Part 4 of the Athletic and Social Development Are Keys To Being Active For Life
By Jimmy Yoo
At this stage we transition from the teenage years to adulthood. During the teenage years, emphasis was on learning to specialize in different areas of life and developing a self-identity as a person. It is the last stage of fundamental development where commitment and dedication to mastery are learned. If an athlete is able to successfully navigate the teenage years, it will make their transition into adulthood and the competitive environment easier to manage.
Young Adulthood: Competition Ready (ages 20+)
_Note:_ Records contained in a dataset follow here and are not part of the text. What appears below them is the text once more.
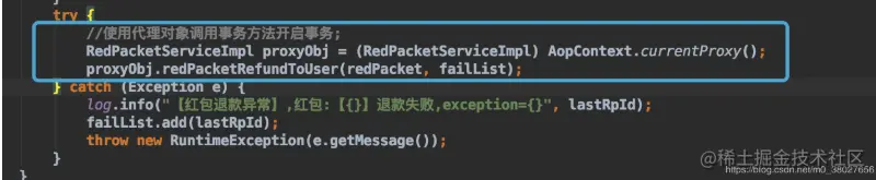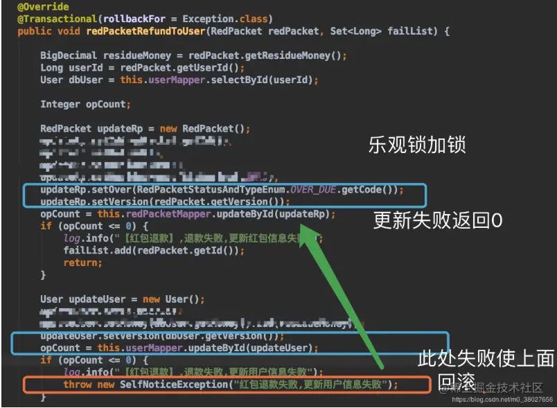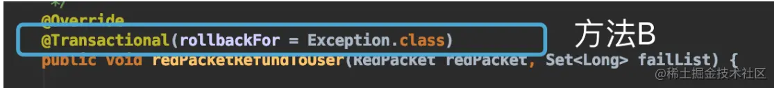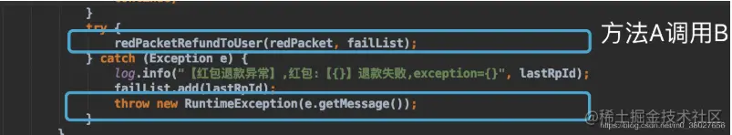 从上图可以看到,如果方法B中User更新出错后需要回滚RedPacket数据,所以User更新失败就抛出了继承自RuntimeException的自定义异常,并且在调用方把这个异常catch到重新抛出,触发事务回滚,但是并没有执行;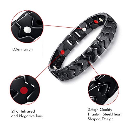 Deze hartvormige gezonde armband heeft sterke magneten, Germanium, een breed infrarood en negatieve ionen in elke link om pijn, vermoeidheid en spierspanning te verminderen, de bloedcirculatie te verbeteren, celenergie te activeren en slaap te verbeteren. Het is gemaakt van hoogwaardig titanium staal, veilig en onschadelijk, sterke span, die kan worden ingesteld, stabiel, biedt een lange levensduur. Je kunt de grootte gemakkelijk thuis aanpassen door een gereedschap voor het verwijderen van koppelingen te gebruiken (niet meegeleverd).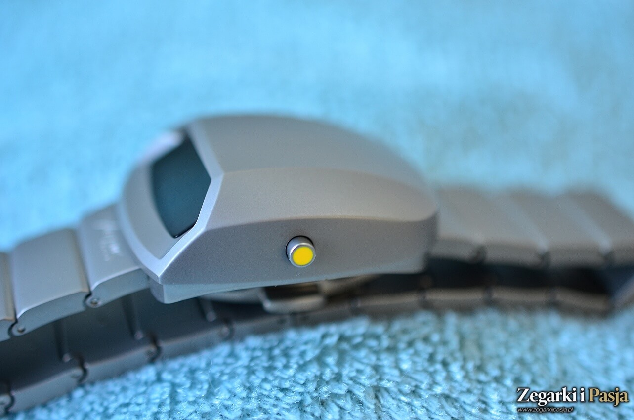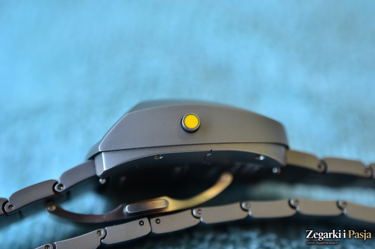 Jak pisałem wyżej, aktywacja wskazania czasu odbywa się po przyciśnięciu przycisku. Ma on kształt walca, z czołową częścią wypełnioną żółtym lakierem. Kolejne jego wciśnięcia powodują zmianę trybu wskazań na wyświetlanie sekund lub daty. Po przeciwnej stronie, na lewym boku koperty, jest drugi, taki sam przycisk, który służy do aktywacji trybu ustawania wskazań. Za pracę odpowiada kwarcowy mechanizm zasilany baterią CR2032.

Erickson Stage 6 (Intimacy versus Isolation, 20’s to late 30’s); LTAD Stage 6 (Train to Win, girls age 18+/boys age 19+)
Erickson Stage 6 (Intimacy versus Isolation, 20’s to late 30’s)(Train to Win, girls age 18+/boys age 19+)
This focus is on intimacy/love in relationships. Erikson believed that you are not developmentally progressing unless you are capable of intimacy.
Erickson’s Stage 5 (Identity versus Role-Confusion, age 12-18)
If you were able to develop in this, then you will be able to form relationships with others who have also achieved a sense of identity. If you are not able to resolve this conflict successfully, then you will struggle to have relationships that involve sharing, feel closeness, and/or committing to another person.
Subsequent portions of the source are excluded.